John Lobb archives

Inside John Lobb: The Art of Bespoke and Ready-to-Wear Luxury Shoes

By Kristina Moskalenko

John Lobb is the epitome of British shoemaking tradition — a name that conjures oak-panelled workshops, the scent of polished leather, and the timeless elegance of craftsmanship passed down through generations. Yet since 1976, this most quintessentially English house has carried a French passport too. Acquired by the Hermès Group, John Lobb now operates not only from its storied Northampton factory but also from a Paris atelier, where bespoke shoes are sculpted to a client’s precise measurements. The marriage of British heritage and French finesse could have spelled disaster for such a venerable name, but Hermès managed the balancing act with rare sensitivity. By 1982, the brand had achieved the unthinkable: it retained its centuries-old bespoke mastery while launching a ready-to-wear line — a collection that allowed Northampton craftsmen to produce up to 600 pairs a week without ever compromising on the legendary attention to detail.

In 2014, the house appointed Paula Gerbase as creative director. “I thought I would be designing shoes for City workers,” she recalls, “but I soon realised John Lobb isn’t about chasing trends or elegance for its own sake. It’s about shoes that endure, that move with life over decades. At its heart, this is a brand about motion, craft, and timeless design.”

Paula Gerbas, Creative Director of John Lobb – Luxury Bespoke Footwear / Photo: John Lobb
Paula Gerbase, Creative Director of John Lobb – Luxury Bespoke Footwear / Photo: John Lobb

For Paula Gerbase, design is secondary to process. “I focus on the technology of shoemaking,” she explains. “We’ve developed methods to use new materials and make leather lighter, without compromising strength. My goal is to create shoes that ‘absorb’ a person’s journey—shoes that can be passed from father to son.”

This is also why Gerbase loves visiting the Northampton factory, where the atmosphere is quiet and purposeful. Every technical specification for every model ever made is carefully archived. That means, first, a client can request the same pair even 20 years later and have it recreated; and second, it means that every John Lobb shoe can be repaired—sometimes decades after it was first made.

It is from this deep well of tradition that the ready-to-wear line was born. Each pair still passes through 190 painstaking steps, every movement refined over generations, proving that modernity at John Lobb is simply heritage, distilled and multiplied. Some stitches are still sewn with boar bristles twisted with thread, ensuring the hole does not widen beyond the bristle’s thickness. Every detail is measured, tested, and perfected—proof that John Lobb isn’t just footwear, but a lifetime investment in craft.

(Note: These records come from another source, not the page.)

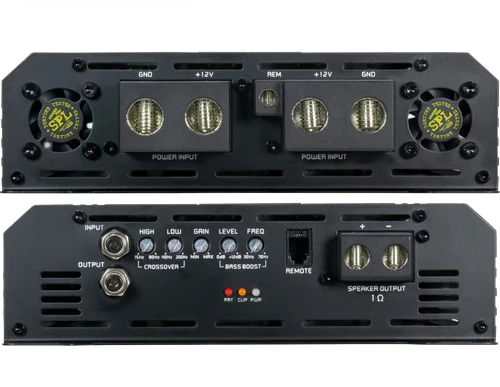 1-channel 1-ohm stable SPL high power amplifier with class D circuit, integrated active crossover and bass boost
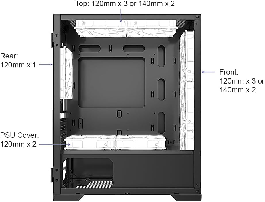 • تصميم نظام تدفق الهواء الرائع من برستيج لتبريد فائق.. يدعم ما يصل إلى 8 مراوح. يدعم مبرد تبريد الماء حتى 240 ملم. يدعم مصدر طاقة ايه تي اكس حتى عمق 180 ملم. يدعم اللوحات الأم مايكرو ايه تي اكس واي تي اكس.
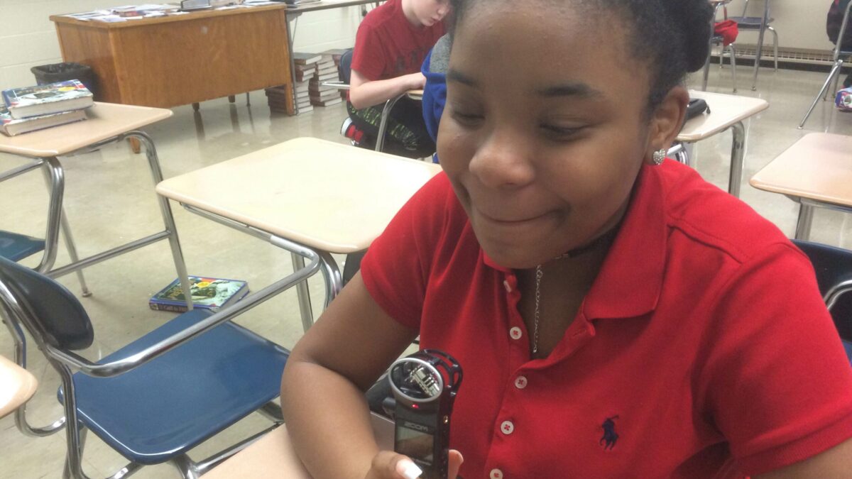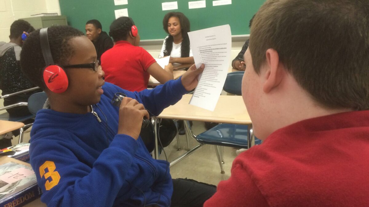 Students were introduced to the basics of interviewing as well as the H1, a handheld digital recorder. After forming groups of two, they took turns operating the equipment and asking insightful questions of their classmates.
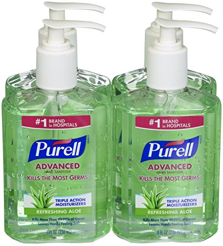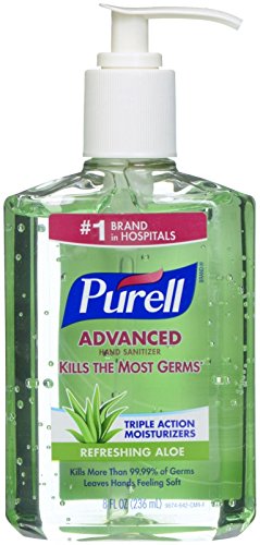 Purell Advanced Hand Sanitizer with Aloe, 8oz Bottles (Case of 4) ? ? Purell clinically proven to protect you and your family. Americas #1 doctor trusted brand this sneezy season. Kills the most germs - just one squirt of Purell Advanced Hand Sanitizer kills as many germs as 2 squirts of any other national brand Enhanced with four nourishing skin-conditioning agents, a skin-friendly formulation that's mild on hands Clinically proven effective in helping to maintain skin health - skin moisture and skin feel Skin-friendly aloe formulaton that's mild on hands in a convenient 8-oz. pump bottle ? ? 0 |

John Lobb – Handcrafted Shoe Production Since 1982
John Lobb – Handcrafted Shoe Production Since 1982

Another crucial element is the leather. Every hide used by John Lobb comes from young animals aged six to twelve months. “With modern farming methods and warmer winters, skins increasingly show stretch marks or veins,” the factory explains. “Finding flawless leather has become progressively harder. Many suppliers conceal imperfections with sanding, dyes, prints, or chemicals. Our agreements with trusted suppliers—mainly in France, Germany, and Austria—allow us to select hides before any treatment. Even from the best sources, we often purchase only half a batch.”

The factory also uses a vintage stretching machine, allowing craftsmen to inspect the leather meticulously for defects. “And then we cut shoe components only from the finest parts of the hide,” they add. “From a single bullhide, we might make up to four pairs of shoes—but sometimes only one. We never mix hides from different animals for a single pair.”

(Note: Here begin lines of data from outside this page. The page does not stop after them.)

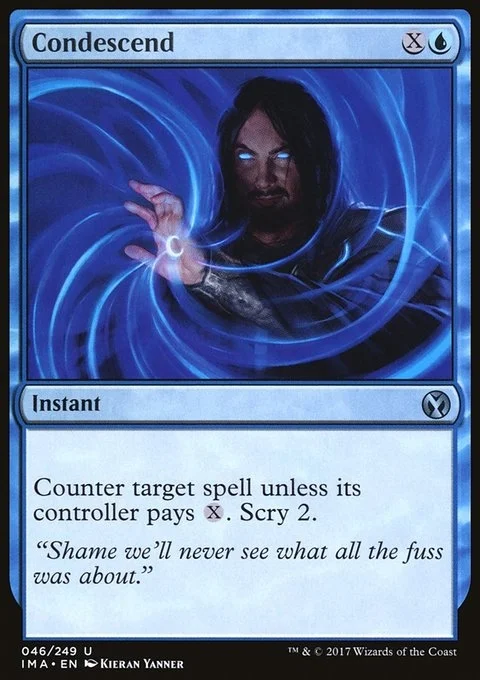 Counter target spell unless its controller pays {X}. Scry 2. (Look at the top two cards of your library, then put any number of them on the bottom of your library and the rest on top in any order.)
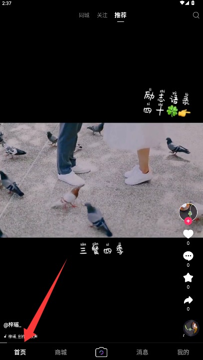 3、进入首页可浏览推荐短视频内容,通过上下滑动屏幕切换不同视频观看。
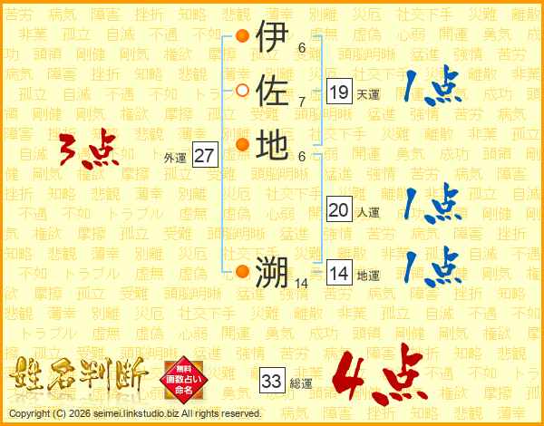 伊佐地溯さんの総運は33画の4点!
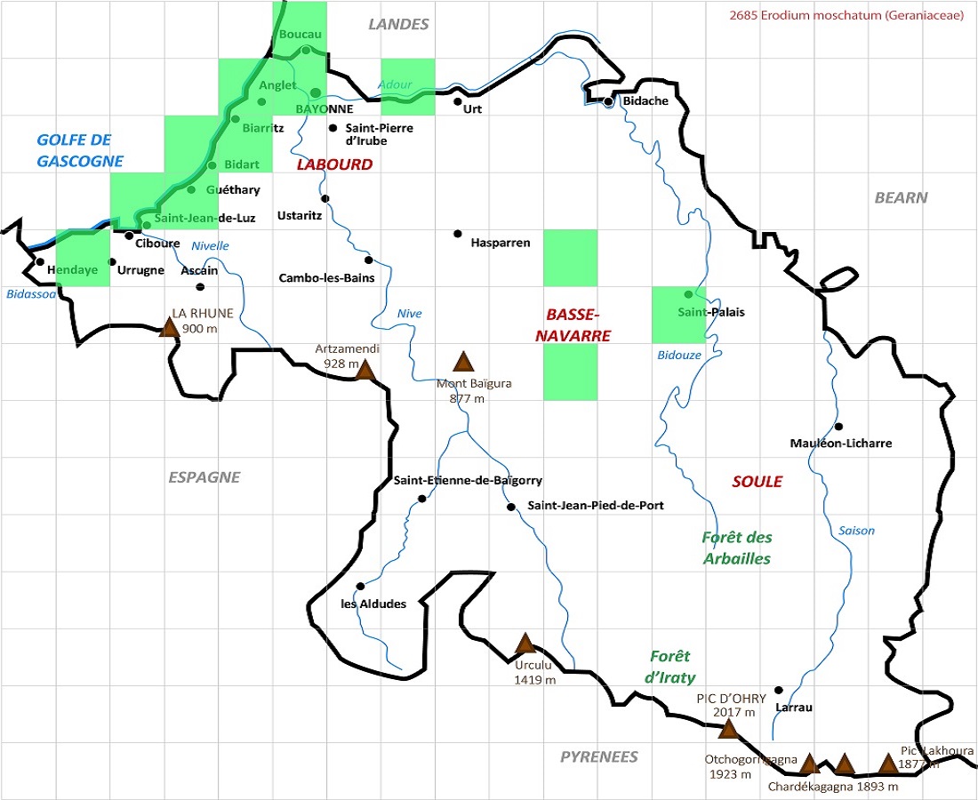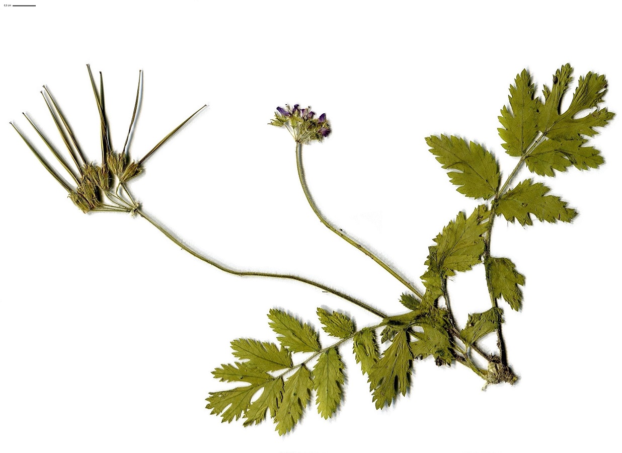 Th – 2-4 dm – Odeur de musc, feuilles pennées à segments ovales incisés-dentés – 4-8 Fleurs pédonculées, à 5 pétales L de 7-9 mm lilacés – Fruit à bec L de 2-4 cm, méricarpes sillonnés
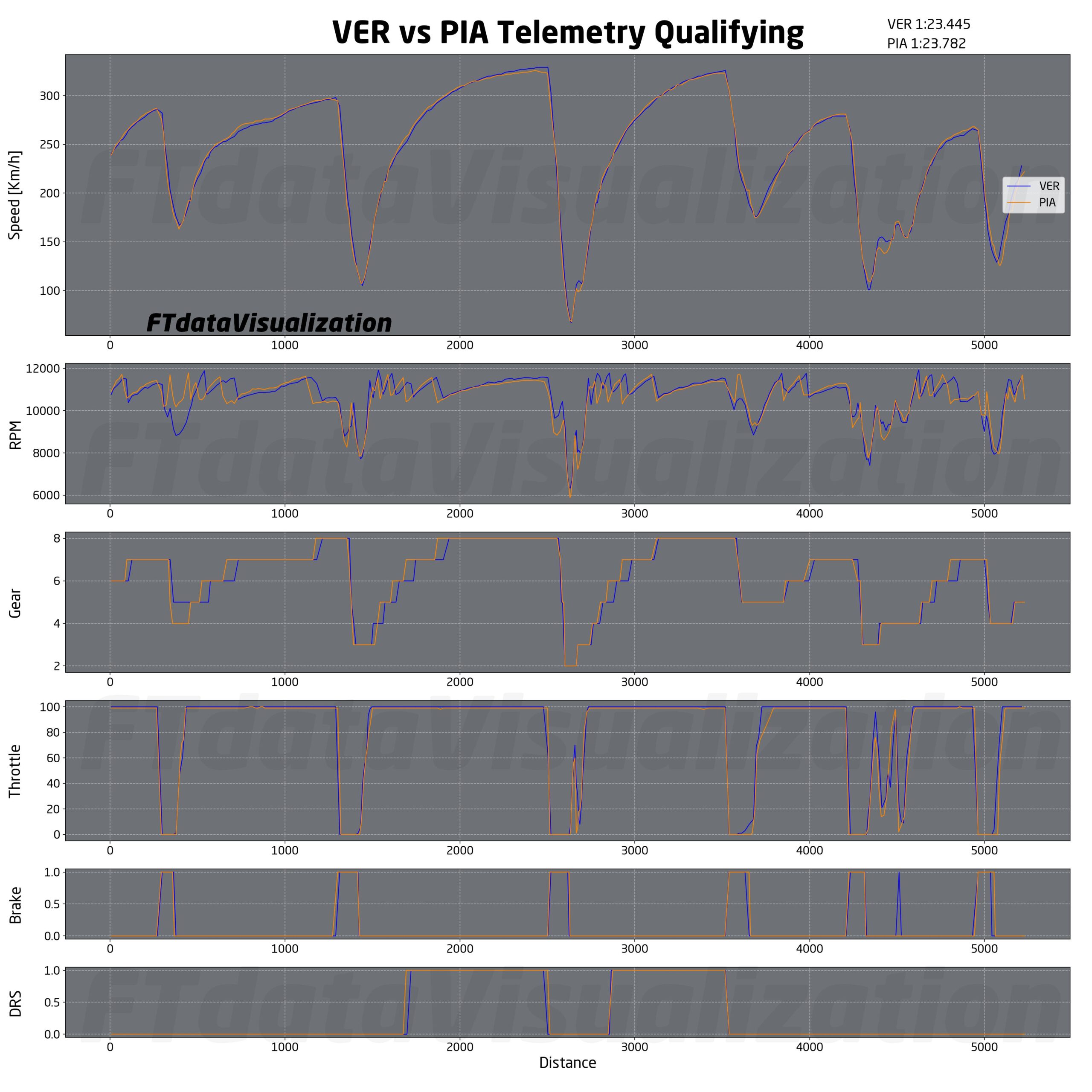Passiamo ora ai due piloti della McLaren. La monoposto di Woking è stata la migliore nel primo settore grazie alla maggiore capacità di accelerare in curva 3, una curva affrontata in pieno da tutti, ma nella quale McLaren pare riuscire a perdere meno velocità durante la sterzata. Nel resto del circuito la vettura si comporta abbastanza bene, ma paga qualche km/h di velocità in rettilineo rispetto a Red Bull e Ferrari. I due piloti McLaren hanno accentuato ancora più di Leclerc l’approccio di curva 12 e 13. Piastri e Norris infatti sono stati tra i più veloci di tutti in curva 12 insieme a Leclerc, ma sono risultati tra i più lenti in curva 13, curva nella quale Norris ha anche commesso l’errore che gli è costato una probabile prima fila nell’ultimo tentativo. Notiamo anche come, data la lentezza in curva 13, né Piastri né Norris tocchino il freno prima di curva 14.

John Lobb – Awaiting Custom Hand-Fitted Sole Adjustment
John Lobb – Awaiting Custom Hand-Fitted Sole Adjustment
John Lobb – Hand-Fitting the Sole in Progress
John Lobb – Hand-Fitting the Sole in Progress

Ultimately, John Lobb craftsmen use only around 65% of the leather they purchase. Hermès, however, has implemented a programme to ensure the remainder benefits other local businesses, while scraps from all its workshops are recycled to create packaging.

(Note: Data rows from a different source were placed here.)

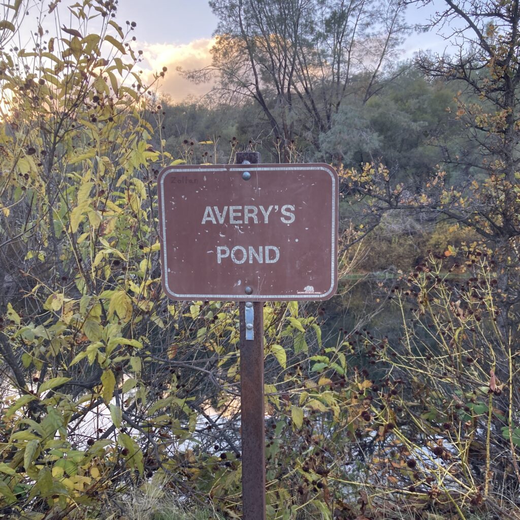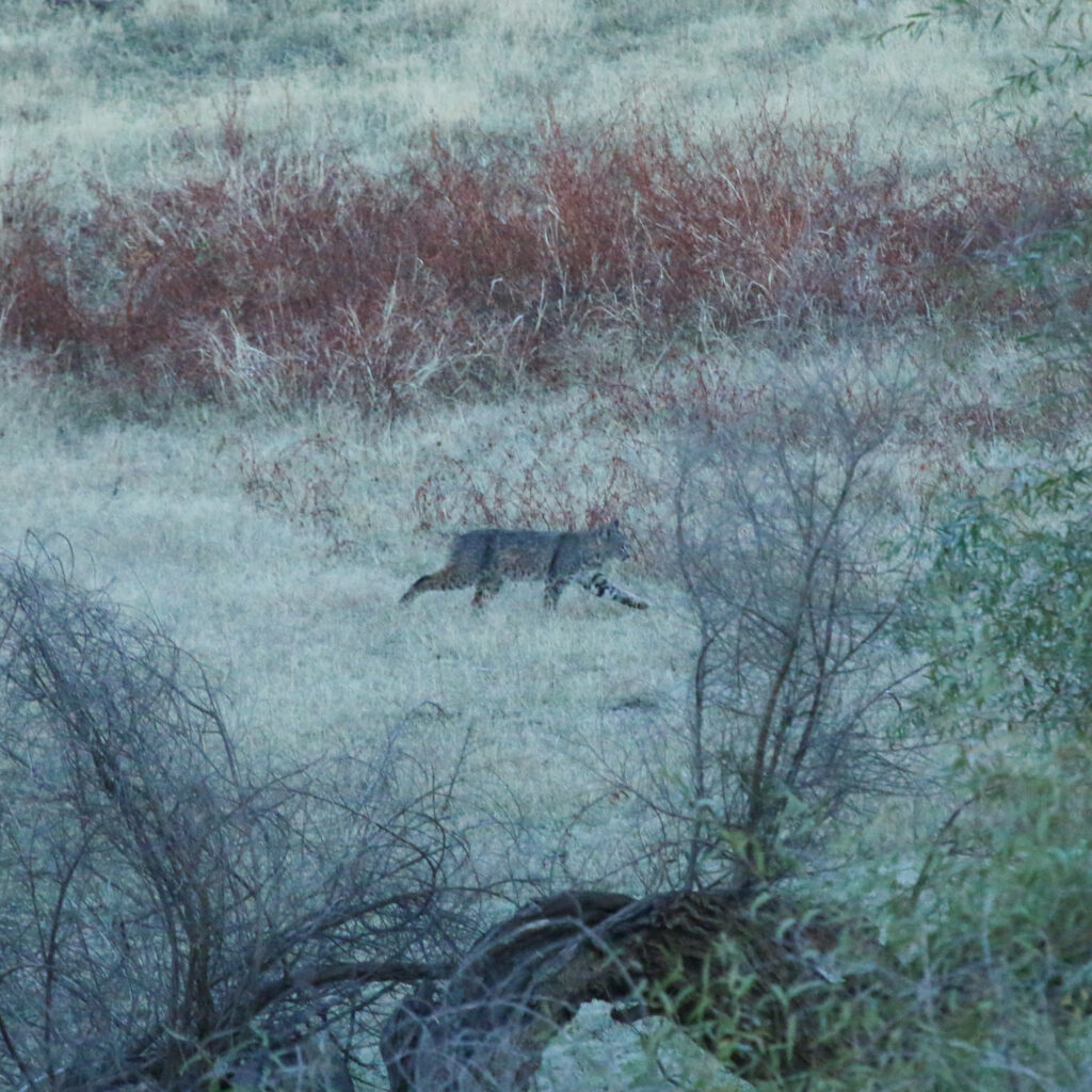 This location also tells an excellent story of land use over the years. Along the river bank there is a distinct set of granite boulders marked by their deep wells. These are grinding stones worn into the rocks over decades, perhaps centuries, of use by local Indigenous groups. Acorns were a staple food of this area, and were pounded into a flour that was then leached of the harmful tannic acid and cooked into the base for many foods. These grinding stones can be found throughout the region. The American River was a significant site in the period of the gold rush, and was subsequently settled by Europeans. Avery’s Pond represents this time period of colonization. Ira Avery came to California from Maine with his father in 1853 when he was 15 years old. After a variety of working ventures, Avery bought his new father in laws’ orchard, located along the American River. Avery’s pond is a former irrigation pond constructed here to supply water to the orchard. This orchard grew persimmons, cherries, and pears, with Avery focusing especially on cultivating the Hyakume and Hachiya persimmon varieties. The original reason my family and I came out to Avery’s Pond on this day was in search of a cutting from a Hachiya persimmon tree, a variety we don’t yet have. We have a quince tree grown from a cutting near Avery’s pond and knew of both this quince tree and one persimmon tree in the area, but upon further exploration around the pond it quickly became clear that there were a lot more than just the one persimmon tree. We found many fruiting persimmon trees, a second quince tree, and a pecan tree. These trees are likely remaining from the time this land spent as an orchard, or seeded from old orchard trees. Finally, the land today is used as a recreational area. Nature has taken back much of the cultivation that once occurred, and a happy ecosystem is indicated by the biodiversity of plants and animals. The most notable animal we spotted was a bobcat, pictured below.
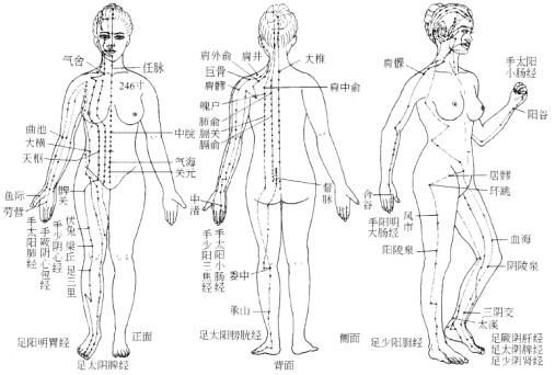 《黄帝内经》的问世,标志着经络学说的形成。《内经》中系统地论述了十二经脉的循行部位、属络脏腑,以及十二经脉发生病变时的证候;记载了十二经别、别络、经筋、皮部等的内容;对奇经八脉也有分散的论述;并且记载了约160个穴位的名称(全身主要经络穴位图4-5)。
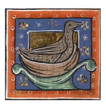 Enluminure d'un Rossignol  dans le Bodley Bestiary, manuscrit MS Bodley 764

Another surprising detail: the cork sole. Finely ground cork, blended with a special adhesive, is applied to the inner sole with a spatula, much like chocolate spread on toast. “Cork is a living material; it breathes,” explains the factory’s cork specialist. “It resists bacterial growth and prevents odours. Over time, the sole moulds to the wearer’s foot for a perfect, personalised fit.”

ohn Lobb Northampton Factory – Exterior Unchanged Since Brand’s Founding
ohn Lobb Northampton Factory – Exterior Unchanged Since Brand’s Founding

And finally, the production itself is entirely manual. Stitching just one inch by hand takes two and a half hours—but the result is the most beautiful seam imaginable. Don’t believe it? Ask a surgeon.